Und wie gesagt, diese Hilfe Gottes brauchen wir. Wir brauchen den Heiligen Geist, liebe Leute, diesen Geist der Liebe, der uns hilft, der alles neu macht, wie Jesus gesagt hat, ja, der uns zu einer neuen Schöpfung macht, wenn wir uns auf diesen Weg mit Jesus einlassen. Und jetzt, jetzt lade ich dich ein, lass uns das alles jetzt Jesus übergeben, ja, deine verletzten Gefühle, deine ganzen Fragen, Sorgen, dass wir waren der Sturm, wir wenden uns jetzt an Jesus.

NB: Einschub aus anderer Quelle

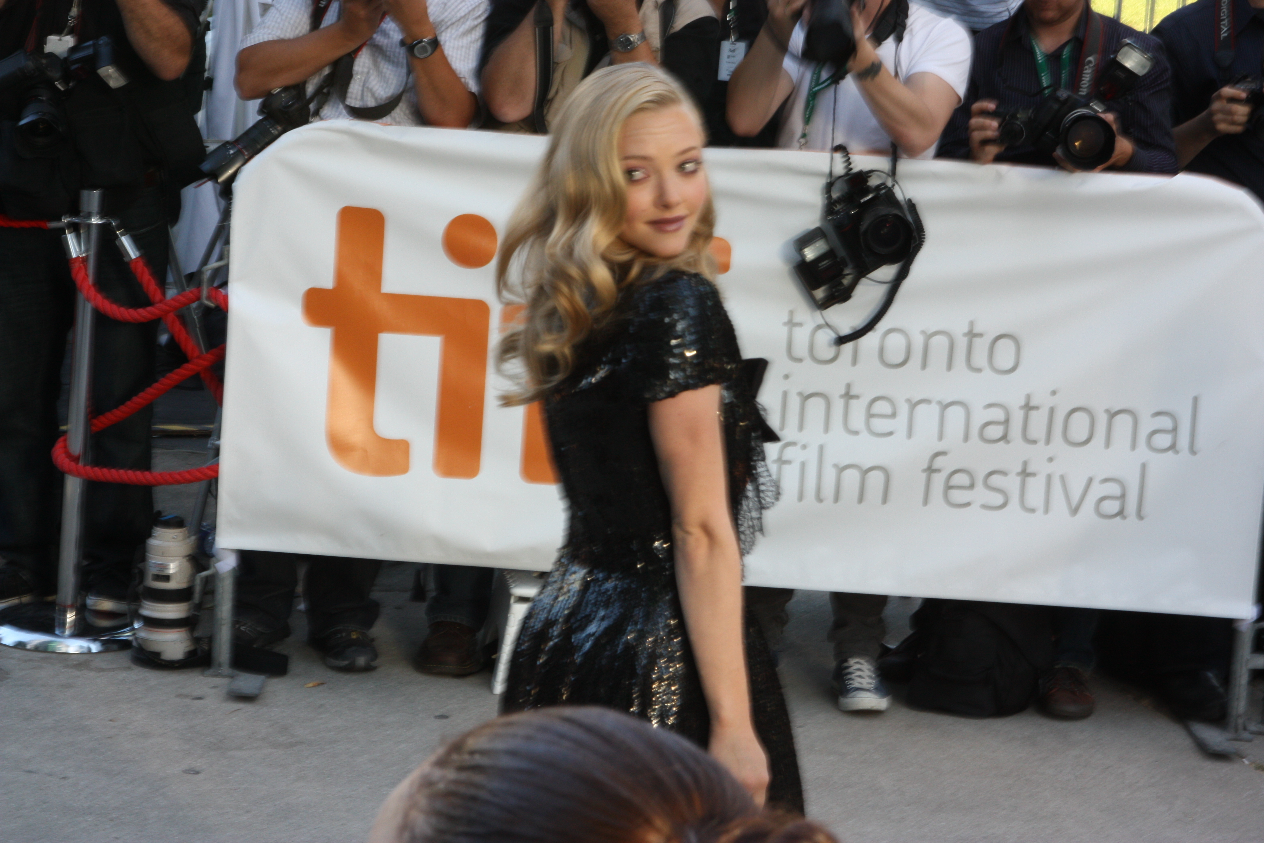 Amanda Seyfried attending the premiere of Chloe
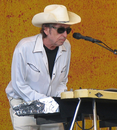 Photo from Bob Dylan's April 28, 2006 concert appearance at the New Orleans Jazz and Heritage Festival (aka "Jazzfest")

Im Namen des Vaters, des Sohnes und des Heiligen Geistes. Amen. Herr Jesus Christus, wir kommen jetzt zu dir. Wir wissen, dass du uns hörst, dass du da bist. Wir glauben, dass du da bist, dass du uns jetzt hörst und erhört. Wecke jetzt den Glauben in uns, öffne uns, sende dein Licht in unser Inneres, erleuchte unser Herz, unseren Geist, unser Leben. Hilf uns, uns anzuschauen, uns zu betrachten, mit uns durch den Tag zu gehen. Zeige uns, was wir ändern sollen und ändern können. Herr, wir bitten dich, befreie uns. Befreie uns vom bösen Geist, befreie uns vom verkehrten Denken. Heile unsere Gefühle. Wir wollen uns jetzt von deinem Geist, von deinem Wort leiten lassen. Herr, heile uns Seele, Geist und Leib. Heile uns jetzt in deiner Liebe und Barmherzigkeit. Heile uns, damit wir dich loben und ehren können. Lass uns dich jetzt erfahren, dass du da bist, du der Weg, die Wahrheit und das Leben. Segne uns, stärke uns, mach alles neu. Wir wollen nicht zurückschauen, sondern auf dich.

Ja, und für manche wäre es auch echt angebracht, mal intensive Tage wirklich mehrere Tage sich ganz der Heilung zu widmen, sich mit sich selbst zu befassen und diese vielen Ablenkungen beiseite zu lassen. Wirklich schau mal irgendwie, ob du nicht mal einen Weg findest für innere Heilung, auch an Exerzitien teilnimmst oder sowas, oder auch eine richtig gute Wallfahrt, ja, wo gebetet wird, wo man sich beschäftigt, Gott mit dem Heil des Menschen, der Heilung des Menschen und alles, ja, dass du damit noch mehr Hilfe erfahren kannst, ja. Und einfach auch die Begeisterung, ja, für das wahre Leben, ja. Und am Ende von meinem Beitrag hier werden auch noch ein paar Vorträge von mir eingeblendet. Vielleicht ist noch was für dich dabei, oder geh auch mal auf unseren Kanal schauen. Vor allen Dingen geh wirklich im Vertrauen auf Gott und in dieser Bereitschaft, dich zu verändern, besser zu werden. Erwarte nicht alles von den anderen.